- [Exercise objective] Print the listing from its top line through the line containing "Marine trumpet, French, 18th", nothing more, and leave out the pictures.

- [Records provided]
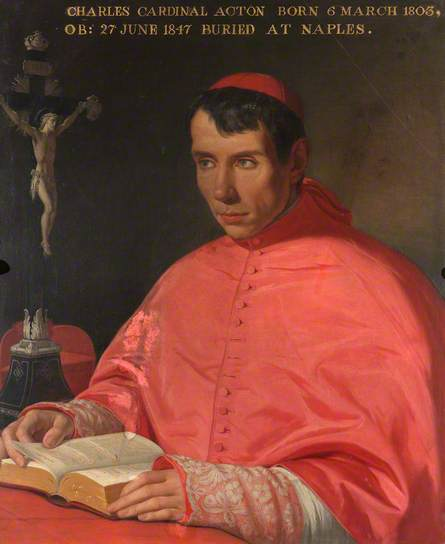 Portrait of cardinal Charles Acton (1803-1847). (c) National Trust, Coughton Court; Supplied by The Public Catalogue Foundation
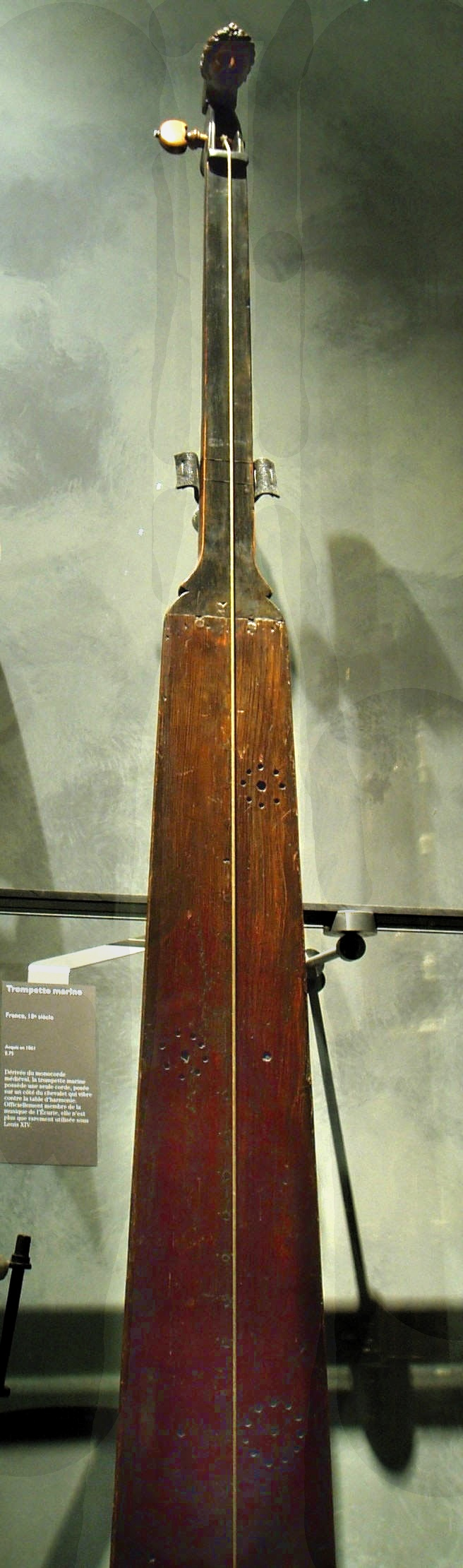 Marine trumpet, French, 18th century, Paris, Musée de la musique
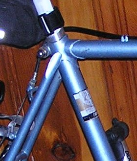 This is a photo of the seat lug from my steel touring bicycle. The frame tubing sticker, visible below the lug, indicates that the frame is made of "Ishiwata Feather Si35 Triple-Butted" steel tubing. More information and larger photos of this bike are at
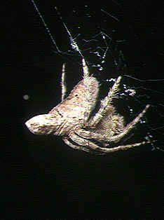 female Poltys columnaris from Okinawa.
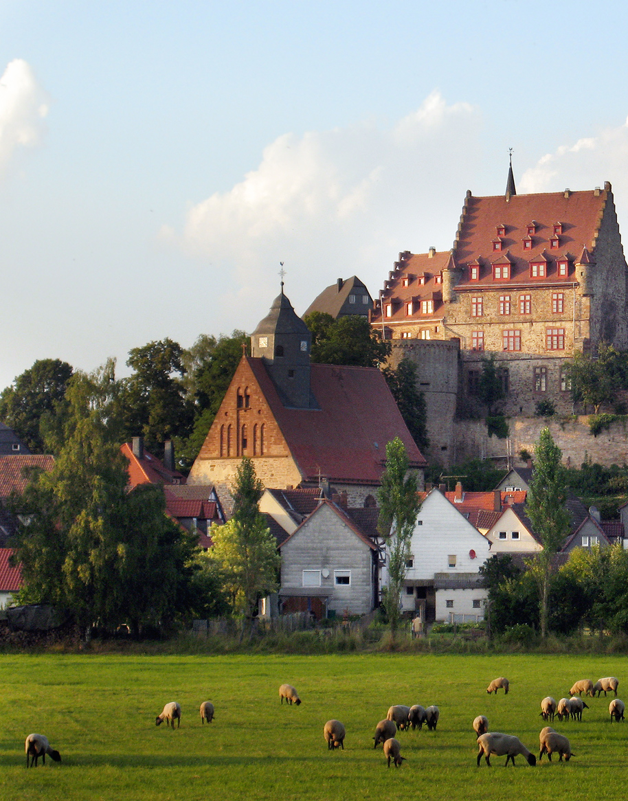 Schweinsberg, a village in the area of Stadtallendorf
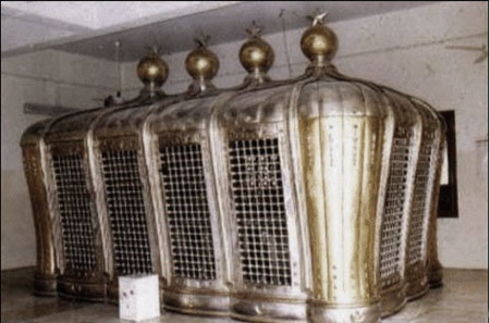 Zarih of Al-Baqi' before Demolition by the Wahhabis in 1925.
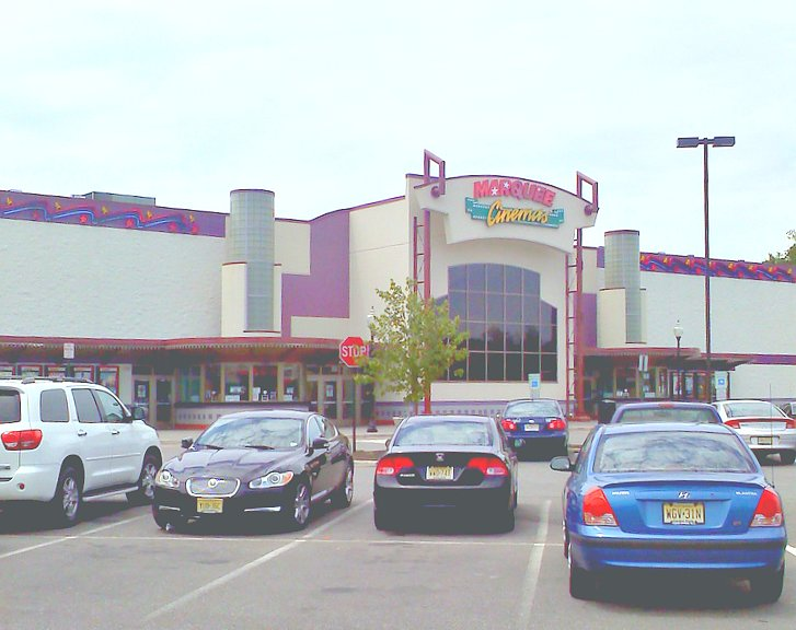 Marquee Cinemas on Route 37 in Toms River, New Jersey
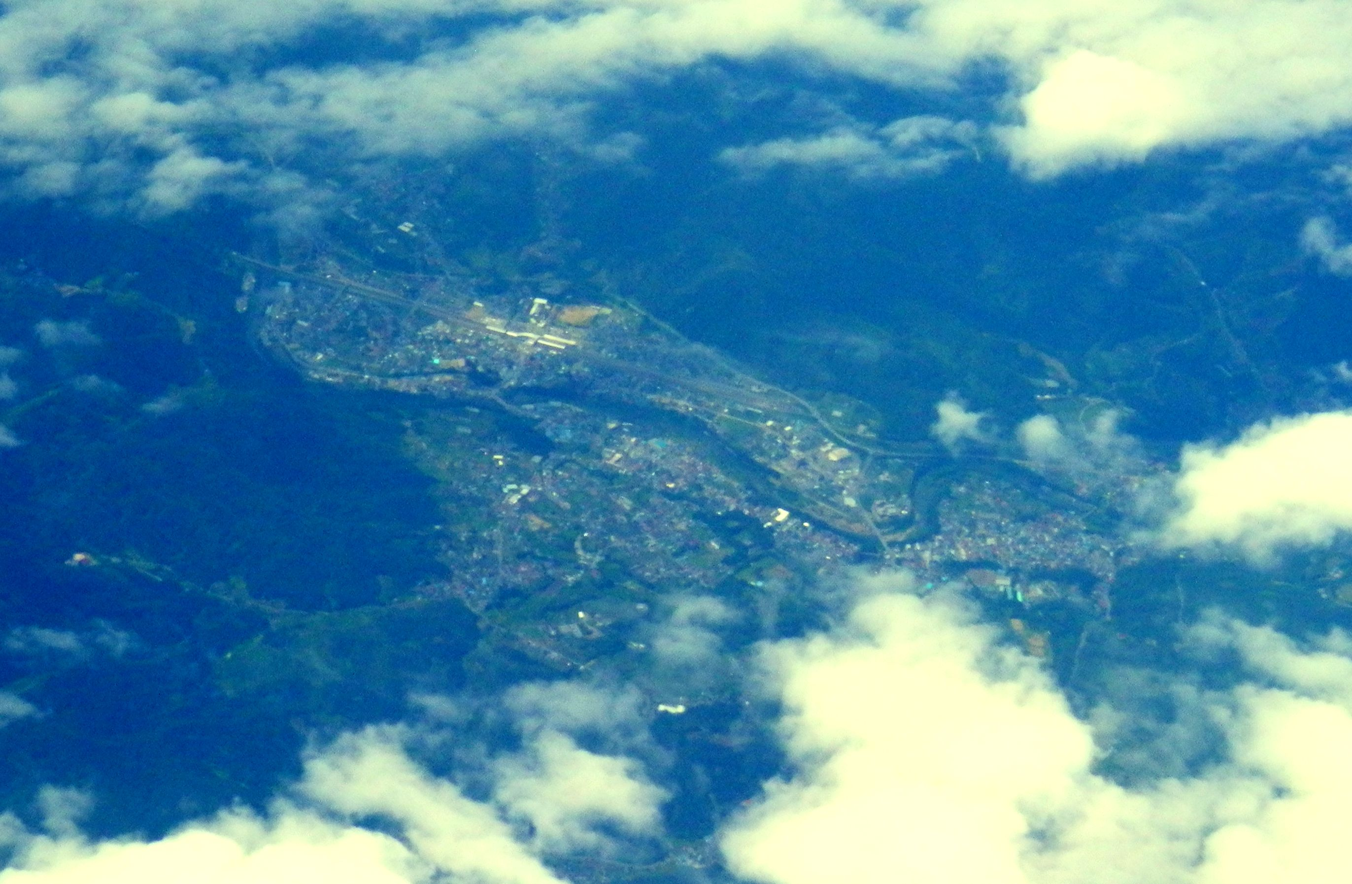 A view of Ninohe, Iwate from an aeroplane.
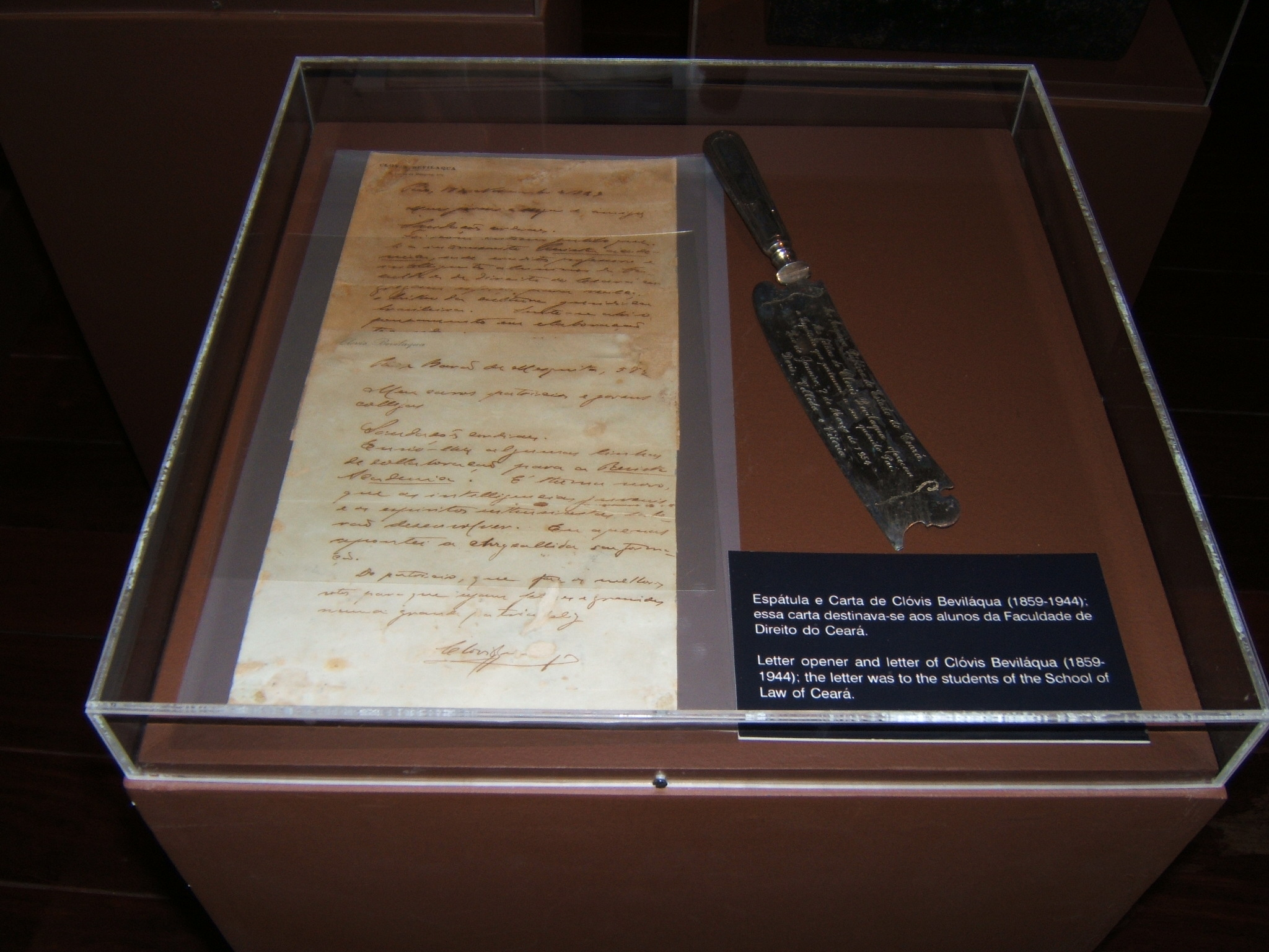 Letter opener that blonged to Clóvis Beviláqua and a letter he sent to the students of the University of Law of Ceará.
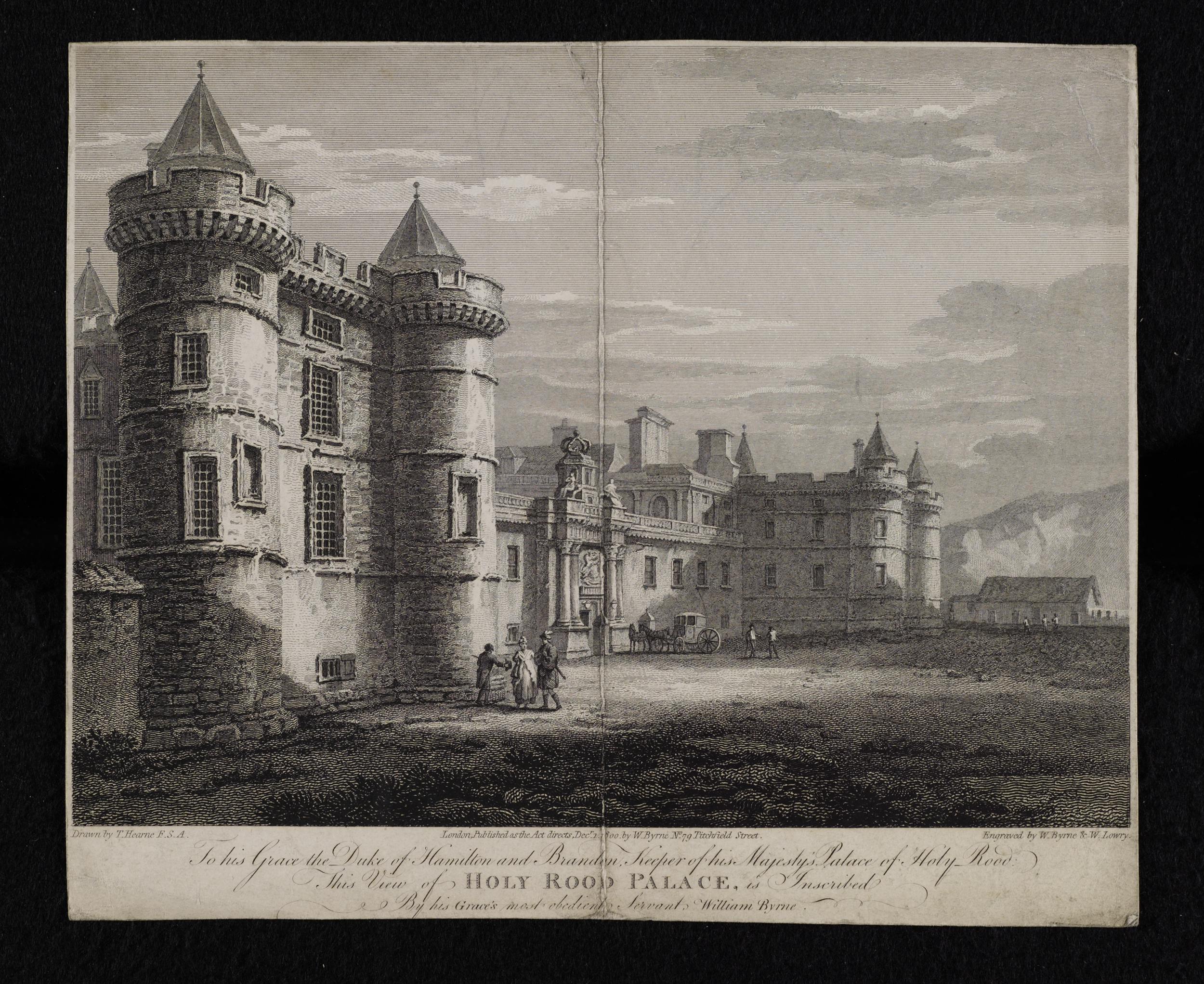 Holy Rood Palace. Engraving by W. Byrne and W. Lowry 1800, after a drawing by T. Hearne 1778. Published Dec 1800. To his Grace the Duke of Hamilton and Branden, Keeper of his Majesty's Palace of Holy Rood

- [The answer]
 Portrait of cardinal Charles Acton (1803-1847). (c) National Trust, Coughton Court; Supplied by The Public Catalogue Foundation
 Marine trumpet, French, 18th century, Paris, Musée de la musique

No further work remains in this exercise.